C. The plaintiff did not accept the said policy of insurance as so issued and sent to him.
D. The plaintiff paid to the defendant the sum of $124.50 in each of the years 1891, 1892, 1893, 1894, 1895, 1896 and 1897, which payments were without consideration and should be returned to the plaintiff with interest thereon.
E. The said payments were made under mutual mistake of fact.
See Fowler v. Fowler[4]; Hearne v. Marine Insurance Co.[5]
It is exclusively upon the question of the amount of premium that is based the judgment appealed from in favour of the respondent.

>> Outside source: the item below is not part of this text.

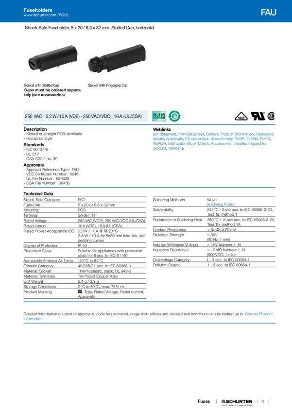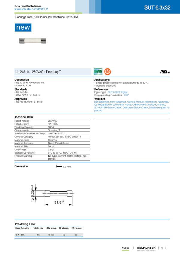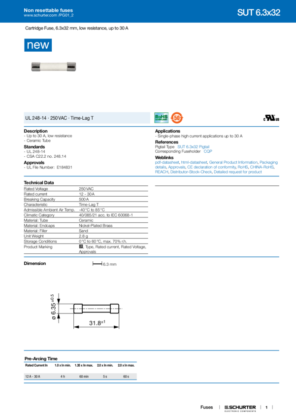 Fuse Misc, Non resettable fuses, Miniature Fuses, Type FST 6,3x32

As remarked by Mr. Justice Maclennan:
The case is simply this: The plaintiff signs an application and with it another paper requiring certain assurances, and that he desired the premium to be a fixed rate for life. The application and the additional paper were sent forward to the general agent and company; a correspondence ensued, and he says the letters he received “to a great extent met my requirements and I gave a cheque for the amount.” There was not a word in the correspondence about the rate of premium, and the company prepared and sent him a policy, not according to the slip, but in accordance with the signed application. He accepted it, paid the premium, and continued to do so without question for seven years.
I doubt very much that the memorandum contained anything in reference to the premium. We have only the respondent’s own uncorroborated assertions for it, and no cases have been cited at bar in which a written document has been cancelled upon such slight and unsatisfactory evidence as is to be found in the case. However, assuming that the material facts are as alleged by the respondent, and that he did not get the policy he, at one time, might have expected from the company, I do not think that he can succeed in this action.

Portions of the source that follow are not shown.